Top of Material provided

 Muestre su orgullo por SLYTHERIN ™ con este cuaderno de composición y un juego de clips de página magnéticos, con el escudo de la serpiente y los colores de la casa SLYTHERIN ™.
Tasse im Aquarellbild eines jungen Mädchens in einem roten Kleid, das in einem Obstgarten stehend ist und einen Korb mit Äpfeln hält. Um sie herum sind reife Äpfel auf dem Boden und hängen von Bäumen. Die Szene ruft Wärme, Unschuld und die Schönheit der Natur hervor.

Bottom of Material provided
Top of Material provided

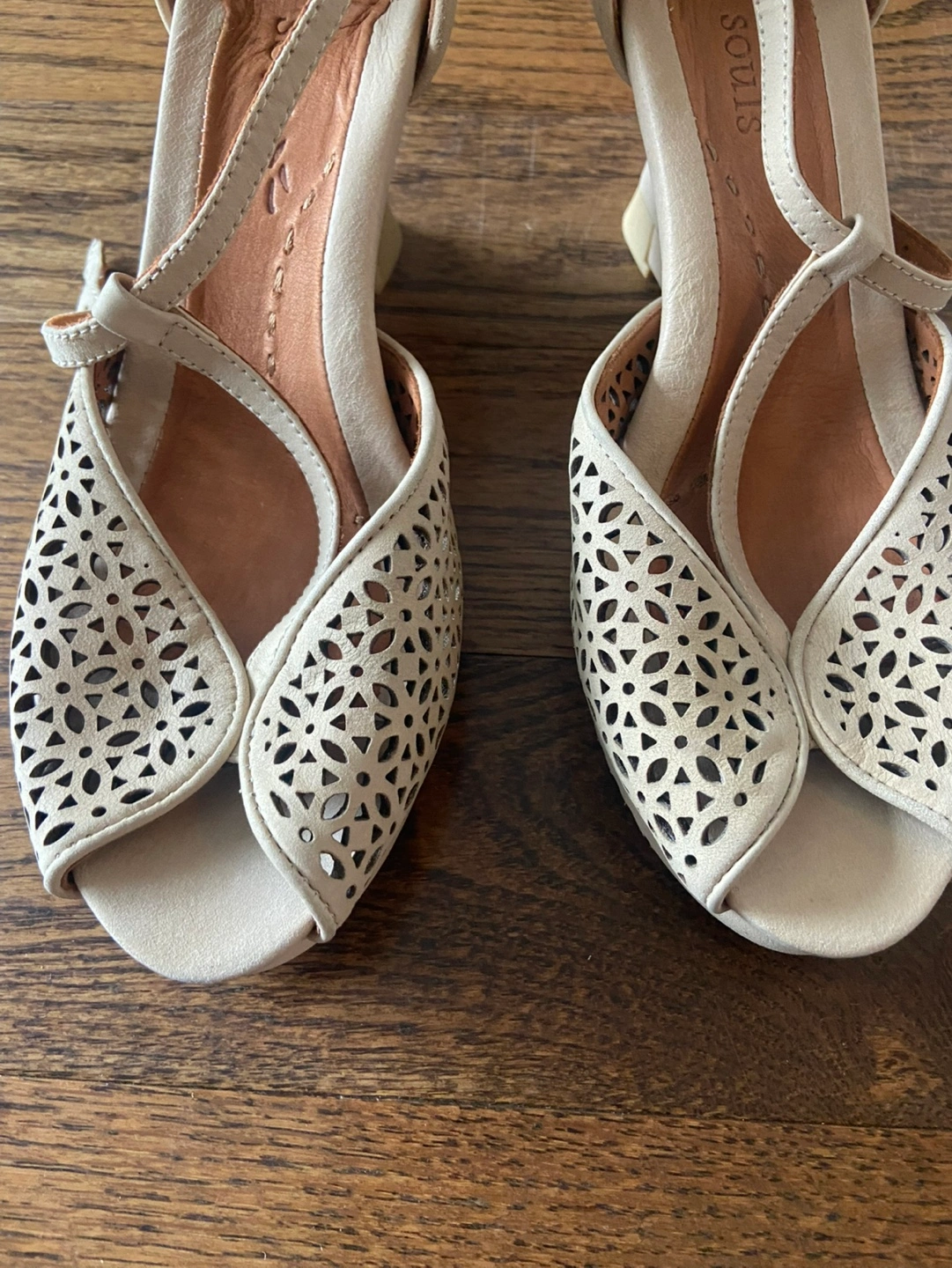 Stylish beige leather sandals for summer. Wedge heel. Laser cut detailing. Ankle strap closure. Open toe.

Bottom of Material provided

### Exercise description
Go through the listing above and write out exactly the lines starting with the one holding "Muestre su orgullo" and running through the one holding "Tasse im Aquarellbild", ends included, and no others.

### The completed task
 Muestre su orgullo por SLYTHERIN ™ con este cuaderno de composición y un juego de clips de página magnéticos, con el escudo de la serpiente y los colores de la casa SLYTHERIN ™.
Tasse im Aquarellbild eines jungen Mädchens in einem roten Kleid, das in einem Obstgarten stehend ist und einen Korb mit Äpfeln hält. Um sie herum sind reife Äpfel auf dem Boden und hängen von Bäumen. Die Szene ruft Wärme, Unschuld und die Schönheit der Natur hervor.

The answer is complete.